Quay County Sun - Serving the High Plains

Meetings watch - Tucumcari City Council


October 18, 2017

At its Oct.12 regular meeting, the Tucumcari City Commission:

• Gave final approval to an ordinance amending the city’s traffic code to comply with changes in state traffic codes. According to the ordinance text, the changes include adding six-passenger sport utility vehicles used for student transportation to the definition of “school bus,” requiring reduced speed when passing a vehicle that is stopped on the side of the road, and refining definition of off-road vehicles that are allowed on roadways.

• Gave final approval to an ordinance to change the required frequency of Tucumcari Senior Programs Board meetings to once every three months. Previously, the requirement was monthly meetings. Mayor Ruth Ann Litchfield said the change was needed because it was hard to get enough board members together monthly to make decisions.

• Voted to spend about $13,000 to update city government alarm systems, granting the contract to Rix Security of Tucumcari. The alarms will be upgraded in City Hall, at fire stations and at the police department, a text of the contract said. City Manager Jared Langenegger said the new system will allow local control of key systems that were located at a remote facility under the previous contract.
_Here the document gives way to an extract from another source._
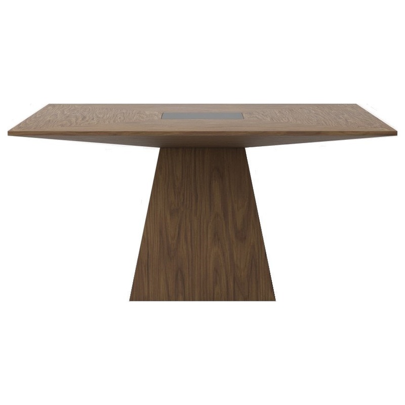 -Cora is a Modern Square Dining Table with Pedestal Base in Walnut and Black Tempered Glass. Perfect for dining conversations and smaller dining rooms.

• Voted to accept a grant that allows more than $8,000 in overtime payments to police for New Mexico Department of Transportation traffic safety programs including ENDWI, which combats driving while intoxicated; Buckle Up and Click It or Ticket, which promote seat belt use; and the Selective Trafic Enforcement Program/100 Days and Nights of Summer program, which steps up traffic enforcement activities during summer months.

• Proclaimed Oct. 23-31 as Red Ribbon Week, which focuses on activities designed to prevent drug, alchohol and tobacco use by young people.

• Proclaimed Thursday as Arbor Day, which promotes planting and growing trees in the city. National Arbor Day falls on the last Friday in April, but states and municipalities are free to declare their own Arbor Day.